Oswego Speedway
- Location: 300 East Albany Street, Oswego, NY 13126
- Coordinates: 43°27′25″N 76°29′04″W﻿ / ﻿43.457054°N 76.4843453°W
- Opened: 1951
- Former names: Wine Creek Horse Track
- Major events: Current: NASCAR Whelen Modified Tour (1988–1989, 2016–2019, 2021–present)
- Website: www.oswegospeedway.com

Paved Oval (1961–present)
- Surface: Asphalt
- Length: 0.625 mi (1.006 km)
- Banking: 13°

Paved Oval (1952–1960)
- Surface: Asphalt
- Length: 0.604 km (0.375 mi)

Dirt Oval (1952–1960)
- Surface: Dirt
- Length: 0.604 km (0.375 mi)

= Oswego Speedway =

Asphalt race track in Oswego, New York

The Oswego Speedway is a 0.625 mi mile race track in Oswego, New York. It was built in 1951 and was paved with asphalt since 1952. The track has held dates on several national tours - the NASCAR Whelen Modified Tour, ASA National Tour, and USAC Silver Crown Series. It is temporarily covered with dirt every year when it holds Super Dirt Week in October. The track is the Labor Day Weekend home of the 200-lap, non-wing, big-block supermodified Budweiser Classic and Race of Champions (a modified touring series event).

==History==
Oswego Speedway began as a horse racing track. The track was converted to a 0.375 mi mile dirt track in 1951. The track was paved in 1952. The track was lengthened from 0.375 to 0.625 mi pavement track in 1962.

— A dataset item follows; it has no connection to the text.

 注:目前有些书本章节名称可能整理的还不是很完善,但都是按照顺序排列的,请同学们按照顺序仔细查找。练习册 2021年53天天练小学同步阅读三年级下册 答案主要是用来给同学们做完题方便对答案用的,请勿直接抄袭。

Owned and operated for more than four decades by the Caruso family, the "Big O" is now owned and operated by Eric and John Torrese.

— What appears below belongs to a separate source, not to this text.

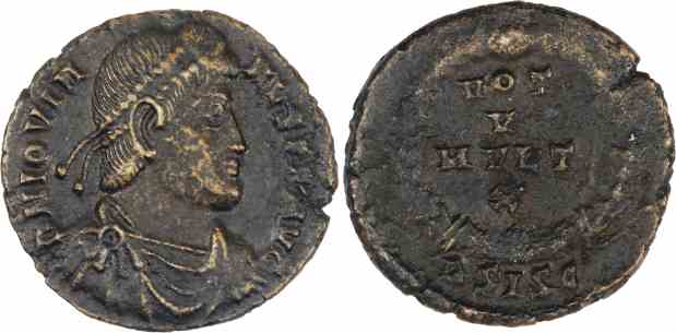 Obv: DN IOVIANVS PF AVG, Bust of Jovian, pearl-diademed, draped, cuirassed, right.

In 2016 Oswego Speedway hosted the 45th edition of World Racing Group's Super DIRTcar Series Super DIRT Week. The track received the date on the schedule after construction of Central New York Raceway Park was delayed. The speedway was covered by approximately 6,900 cubic feet of clay for DIRTcar modified drivers to compete in the NAPA 300, the richest dirt modified race in the world. The event took place on October 5 to 9, 2016. It was the first time that the track had a dirt surface since 1952. The state of New York spent $1.1 million in renovations to the speedway that year. It received a new scoreboard and bleachers; the campgrounds got plumbing and electricity upgrades. The 2020 season was cancelled due to the COVID-19 pandemic.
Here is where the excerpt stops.